Nikon's 300 2.8 AF-S lenses focus very rapidly. Not sure how you have the AF system set up, but many people find that using more than one AF point helps the Nikon AF system to follow moving subjects better, since there are more data points than just "one" point. I have the older 300/2.8 Mark II, the last model with the aperture ring, and the lightweight magnesium barrel; that lens is a very fast focuser. It was made just before the VR model hit the streets. Right now, 70-200 VR I's are going for $1200 used, so lots of those are hitting the market now that there is a VR-II model.

Most of my nighttime sports have been prep soccer, played under atrociously poor lights, and for that the 200 f/2 has been a good lens. It can be used full-field, and the f/2 aperture gathers double the amount of light as the 300/2.8 AND with the front-mounted FUNC button programmed to switch the camera from FF to the 2.0x FOV crop, the Nikon you have would give you superb lens quality at 200mm, and then also an in-camera equivalent field of view of a 400mm ,yet still with f/2 focusing accuracy--all with just one push of the FUNC button to swich back and forth between FF and High-Speeded Crop mode. A 300mm lens is *tight* when action comes toward your camera position if you are on the sidelines, but it's great if you are farther away. It's too bad Nikon does not make a pro-capable 60-250mm f/2.8 lens or something similar, for sports/action uses.


Baseball is another matter entirely. Depends where you are shooting from, either near 3rd base or near 1st base,and what position your son plays. If he is an outfielder, the longer the better. A friend of mine shoots a LOT of minor league baseball games and uses an 80-400 Sigma,and does well on that as long as the light is good. I like the AF speed of the 300/2.8 on the D2x for baseball, but the focal length is too long to shoot from the dugouts, either the home or visitors, so I end up down by 3rd base with the 300 prime. For daytime Baseball, I normally use my Sigma 100-300 f/4 HSM because it allows me to get more shots of more things from more shooting areas. If you want to focus on one,specific player, like if your son plays 1st base or shortstop or 2nd base, then a longer lens shot from over around the 3rd baseline area would make a lot of sense. If he plays right field though...300mm is not too long. A crop-body Nikon that offers 1.5x AND 2.0x FOV might be a good addition for baseball--it shifts the lenses and their effective focal lengths around, and baseball is normally played in really good,bright lighting conditions compared to nighttime HS football.


----------



## jimi1114 (Feb 6, 2010)

dxqcanada said:


> When you were using the Sigma ... did you keep the lens at 300mm or were you frequently changing focal lengths ?

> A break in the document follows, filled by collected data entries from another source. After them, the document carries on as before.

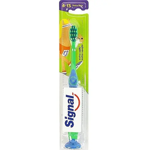 Дитяча зубна щітка Signal Kids 6-13 Years Toothbrush створена спеціально для дітей шкільного віку та забезпечує дбайливий і ефективний догляд за зубами. М’які щетинки ретельно очищають емаль і міжзубні проміжки, не подразнюючи чутливі ясна. Зручна ергономічна ручка добре лежить у дитячій руці та допомагає комфортно чистити зуби щодня. Яскравий дизайн робить процес гігієни цікавішим і мотивує дитину регулярно доглядати за ротовою порожниною. Щітка підходить для молочних і постійних зубів у період їх зміни. Рекомендовано використовувати двічі на день разом із дитячою зубною пастою для підтримання здорової усмішки та свіжого подиху.
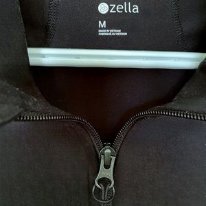 Zella Performance jacket in black. Stretchy fabric. Very fitted & sleek. Thumb holes in sleeves. Functional front pockets with zipper. Ribbed material around hem. Excellent condition!
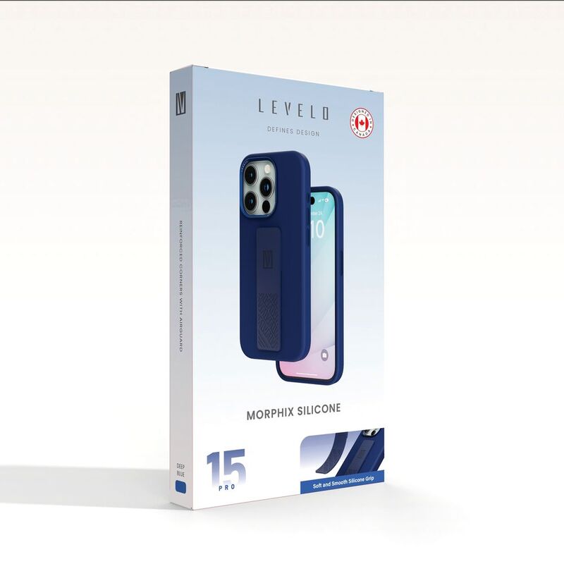 The Levelo Morphix Silicone Case with Silicone Grip is a protective phone case that aims to offer a balance between protection, functionality, and design. It includes several features to enhance the usability and safeguard your smartphone. Here's a breakdown of the key features:
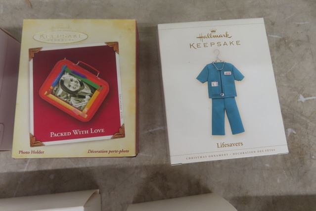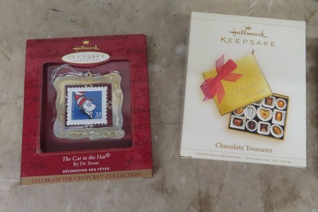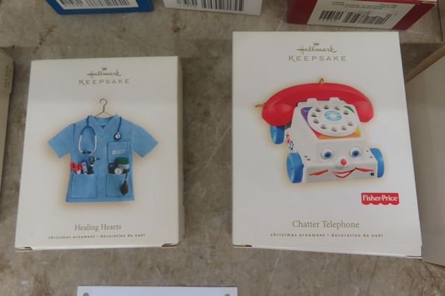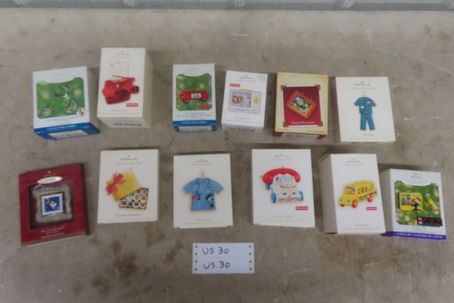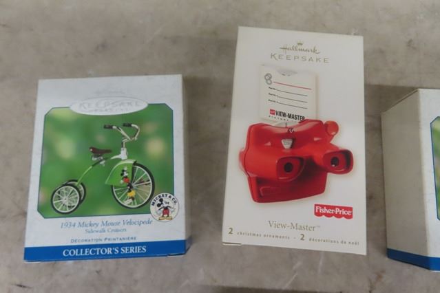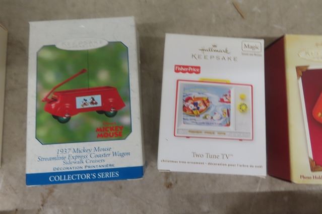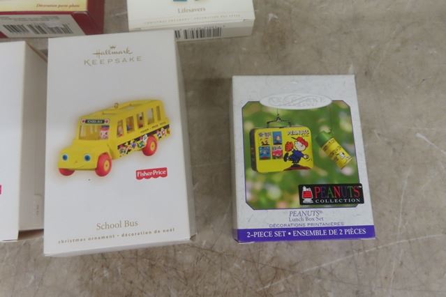 12 Hallmark Keepsake Ornaments ; Mickey Mouse, Fisher Price, Peanuts plus others
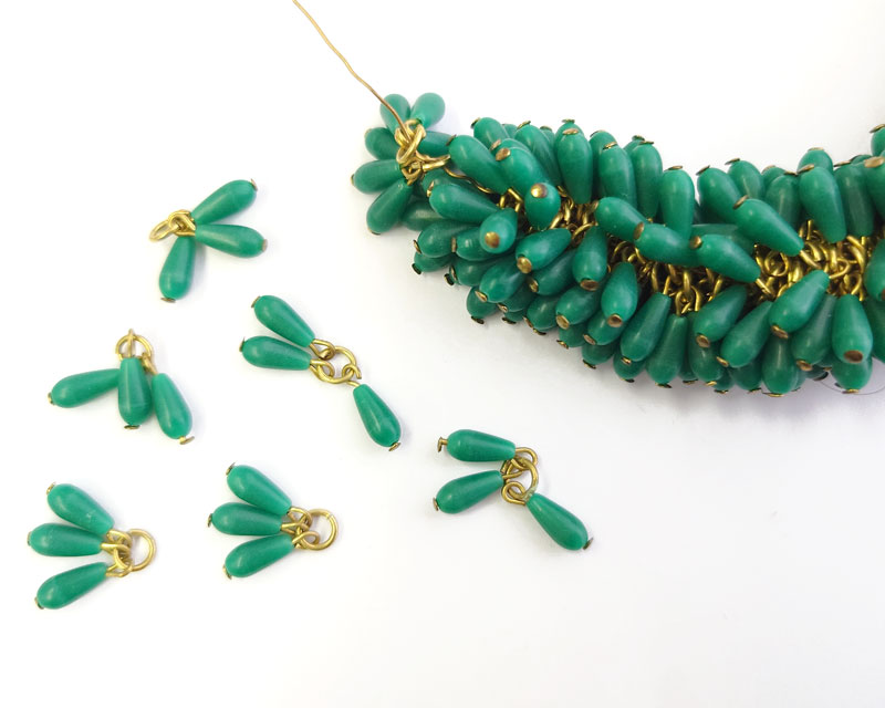ヴィンテージ/日本/プラスチック/グリーンドロップチャーム(2組)

I was not at 300 all the time.  Good point a I just looked at a lot of my photos and many are 120mm, 180mm etc.  However, one important piece of info I neglected to mention was I was also shooting with a D300 so I also had the the crop factor.


----------



## jimi1114 (Feb 6, 2010)

Derrel said:


> Nikon's 300 2.8 AF-S lenses focus very rapidly. Not sure how you have the AF system set up, but many people find that using more than one AF point helps the Nikon AF system to follow moving subjects better, since there are more data points than just "one" point. I have the older 300/2.8 Mark II, the last model with the aperture ring, and the lightweight magnesium barrel; that lens is a very fast focuser. It was made just before the VR model hit the streets. Right now, 70-200 VR I's are going for $1200 used, so lots of those are hitting the market now that there is a VR-II model.
> 
> Most of my nighttime sports have been prep soccer, played under atrociously poor lights, and for that the 200 f/2 has been a good lens. It can be used full-field, and the f/2 aperture gathers double the amount of light as the 300/2.8 AND with the front-mounted FUNC button programmed to switch the camera from FF to the 2.0x FOV crop, the Nikon you have would give you superb lens quality at 200mm, and then also an in-camera equivalent field of view of a 400mm ,yet still with f/2 focusing accuracy--all with just one push of the FUNC button to swich back and forth between FF and High-Speeded Crop mode. A 300mm lens is *tight* when action comes toward your camera position if you are on the sidelines, but it's great if you are farther away. It's too bad Nikon does not make a pro-capable 60-250mm f/2.8 lens or something similar, for sports/action uses.
> 
> ...



My first inclination was to go out and get a 70-200 2.8, as I have read nothing but rave reviews and it seems to be at least one of the primary lenses in all sports photogs bags.  But as I mentioned above I was shooting with a D300, so I had the crop factor, which I realize I could do on D3s.  I guess it would make sense to simply program the FUNC button to switch to crop when I need the extra reach.  I could also use the 1.7 teleconverter for baseball which is usually during the day. 

Thanks for al the input I really do appreciate it.  Still got a lot to learn.


----------



## gsgary (Feb 7, 2010)

For best results you need both the 300mm and 70-200 and 2 bodies. I use my Canon 300mmF2.8L for everything and love it but i do have a 70-200 on another body


----------



## kajiki (Feb 7, 2010)

I think I'm going to be taking out the 200-400 on my next golf tournament. That and a 17mm.


----------